Traditional proclemations aside, you may have read an article or two earlier in the year saying that Google has killed it’s “20% time” policy.

If you’re unfamiliar and you don’t feel much like clicking the above link, 20% time is…

“…a well-known part of our philosophy here [at Google], enabling engineers to spend one day a week working on projects that aren’t necessarily in our job descriptions.”

It’s well publicised that 20% time has been a significant contributing factor in giving us some of the Google products that we know and love today, so I hope for that reason that these rumors aren’t true. Regardless of that though, 20% time does seem at odds with the way the modern world works.

I’ve blogged a couple of times about ROWE so I’ll do my best not to digress into a further soliloquy about its merits here, but suffice to say I don’t measure my work in terms of time anymore. Allotting 20% of my time to projects that aren’t necessarily in my job description would be nearly impossible for me – not necesarilly because my organization wouldn’t allow it, but because I don’t know that I could figure out what 20% of my time is.
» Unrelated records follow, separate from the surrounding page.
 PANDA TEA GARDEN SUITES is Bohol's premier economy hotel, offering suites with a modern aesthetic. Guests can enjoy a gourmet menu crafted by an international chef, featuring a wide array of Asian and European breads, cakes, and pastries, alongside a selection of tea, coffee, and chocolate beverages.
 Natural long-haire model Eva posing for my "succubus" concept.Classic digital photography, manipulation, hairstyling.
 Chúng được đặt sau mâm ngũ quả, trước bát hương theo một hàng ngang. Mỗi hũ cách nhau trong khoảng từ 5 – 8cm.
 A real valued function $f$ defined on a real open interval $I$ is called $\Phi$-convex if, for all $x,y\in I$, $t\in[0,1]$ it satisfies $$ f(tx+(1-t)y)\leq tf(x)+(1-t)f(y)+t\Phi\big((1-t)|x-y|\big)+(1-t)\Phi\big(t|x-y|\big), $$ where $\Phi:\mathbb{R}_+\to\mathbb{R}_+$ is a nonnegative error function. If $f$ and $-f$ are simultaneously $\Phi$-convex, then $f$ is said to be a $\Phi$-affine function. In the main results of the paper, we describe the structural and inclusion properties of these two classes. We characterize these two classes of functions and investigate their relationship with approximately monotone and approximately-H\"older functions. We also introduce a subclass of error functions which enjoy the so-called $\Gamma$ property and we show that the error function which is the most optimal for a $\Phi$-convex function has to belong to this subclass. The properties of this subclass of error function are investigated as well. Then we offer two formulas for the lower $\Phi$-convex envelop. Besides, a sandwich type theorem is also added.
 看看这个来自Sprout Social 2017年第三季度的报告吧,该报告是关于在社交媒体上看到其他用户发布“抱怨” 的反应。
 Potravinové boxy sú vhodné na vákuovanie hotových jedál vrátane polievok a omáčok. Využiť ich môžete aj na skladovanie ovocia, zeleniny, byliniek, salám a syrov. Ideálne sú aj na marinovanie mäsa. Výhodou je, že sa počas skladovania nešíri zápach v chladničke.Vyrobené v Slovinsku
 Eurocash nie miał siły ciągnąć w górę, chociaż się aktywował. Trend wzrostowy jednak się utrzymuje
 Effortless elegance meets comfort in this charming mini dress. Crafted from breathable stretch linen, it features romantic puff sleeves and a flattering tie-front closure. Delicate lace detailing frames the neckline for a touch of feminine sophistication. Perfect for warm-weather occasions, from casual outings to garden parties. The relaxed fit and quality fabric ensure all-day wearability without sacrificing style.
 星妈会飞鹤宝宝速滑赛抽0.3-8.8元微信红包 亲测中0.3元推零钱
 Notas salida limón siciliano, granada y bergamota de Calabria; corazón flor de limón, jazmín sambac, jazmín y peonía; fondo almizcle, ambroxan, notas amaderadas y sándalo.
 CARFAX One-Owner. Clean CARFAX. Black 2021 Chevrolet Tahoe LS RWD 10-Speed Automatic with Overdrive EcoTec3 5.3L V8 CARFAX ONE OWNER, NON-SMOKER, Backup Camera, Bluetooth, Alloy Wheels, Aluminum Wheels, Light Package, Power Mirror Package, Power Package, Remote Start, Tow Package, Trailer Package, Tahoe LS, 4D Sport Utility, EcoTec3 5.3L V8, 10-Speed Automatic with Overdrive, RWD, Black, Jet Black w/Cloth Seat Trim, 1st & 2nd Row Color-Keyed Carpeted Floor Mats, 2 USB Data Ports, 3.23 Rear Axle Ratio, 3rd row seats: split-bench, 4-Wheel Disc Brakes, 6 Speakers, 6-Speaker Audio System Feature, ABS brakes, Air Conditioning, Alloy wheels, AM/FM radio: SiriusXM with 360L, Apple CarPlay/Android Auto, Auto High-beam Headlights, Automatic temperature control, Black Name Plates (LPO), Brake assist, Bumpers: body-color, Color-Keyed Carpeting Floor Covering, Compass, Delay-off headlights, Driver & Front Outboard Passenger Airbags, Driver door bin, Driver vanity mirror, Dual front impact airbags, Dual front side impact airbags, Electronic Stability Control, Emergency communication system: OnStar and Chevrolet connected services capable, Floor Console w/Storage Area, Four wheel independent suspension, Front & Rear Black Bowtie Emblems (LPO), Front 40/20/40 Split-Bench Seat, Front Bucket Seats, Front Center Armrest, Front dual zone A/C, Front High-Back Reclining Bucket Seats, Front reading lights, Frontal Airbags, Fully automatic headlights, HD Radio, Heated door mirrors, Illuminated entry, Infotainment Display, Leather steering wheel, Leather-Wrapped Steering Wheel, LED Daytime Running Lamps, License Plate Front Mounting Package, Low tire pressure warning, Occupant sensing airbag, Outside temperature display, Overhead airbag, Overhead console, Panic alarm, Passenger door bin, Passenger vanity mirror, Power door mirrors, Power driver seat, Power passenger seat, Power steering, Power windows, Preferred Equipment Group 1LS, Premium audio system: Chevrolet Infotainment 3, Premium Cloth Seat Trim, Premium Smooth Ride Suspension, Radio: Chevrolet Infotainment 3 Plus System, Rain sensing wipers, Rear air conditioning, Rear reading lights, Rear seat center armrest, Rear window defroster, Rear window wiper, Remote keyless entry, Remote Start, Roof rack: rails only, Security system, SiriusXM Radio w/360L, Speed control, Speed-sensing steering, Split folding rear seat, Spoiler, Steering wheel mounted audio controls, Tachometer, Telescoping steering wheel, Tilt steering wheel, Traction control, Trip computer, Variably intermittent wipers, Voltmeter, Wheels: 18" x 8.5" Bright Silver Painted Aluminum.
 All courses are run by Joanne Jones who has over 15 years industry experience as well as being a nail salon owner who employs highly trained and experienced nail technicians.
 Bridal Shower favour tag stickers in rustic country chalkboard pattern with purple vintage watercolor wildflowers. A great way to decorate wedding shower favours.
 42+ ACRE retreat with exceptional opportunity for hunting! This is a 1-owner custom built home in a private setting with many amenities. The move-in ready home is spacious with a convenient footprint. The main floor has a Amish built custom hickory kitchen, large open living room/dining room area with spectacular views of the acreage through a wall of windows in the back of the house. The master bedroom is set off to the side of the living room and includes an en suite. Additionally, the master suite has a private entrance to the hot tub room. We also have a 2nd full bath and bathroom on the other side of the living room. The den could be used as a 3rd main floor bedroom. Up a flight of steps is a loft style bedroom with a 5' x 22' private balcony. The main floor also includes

I’ve never worked somewhere with a policy of 20% time similar to Google, but that’s irrelevant. ROWE offers me something much better. I’m essentially free to use my time however I wish as long as the work gets done, and for me “20% projects” are absolutely a part of that.

Just because these 20% projects (as I’ll keep referring to them) aren’t right out of my job description doesn’t mean they aren’t work related, but they do offer me the freedom to try new things without fear of failure, and that leads to some great innovation (it leads to some failures and dead ends too, but that’s the point – it doesn’t matter).

I plan to blog some more about the gritty technical details in the not too distant future, but I’ve recently built a dashboard web-app on top of SharePoint using jQuery and SPServices. People love it, and it’s greatly increased my stock at work over the last few days. If my boss had come to me and asked me in a formal setting to develop this I don’t know if I’d have touched it. If it were a formal project from the start we’d have had to get IT to build it for us, probably at great expense. I, by contrast, learned how to do this stuff as I went along, and when I started work on it I had no idea if I’d be able to bring things to a successful conclusion.

My hope for my organization as ROWE becomes more of a popularised concept and way of working is that it encourages and enables other people to try new things – filter out the noise, spend less time doing and more time thinking. It worked for me, and it can work for you too.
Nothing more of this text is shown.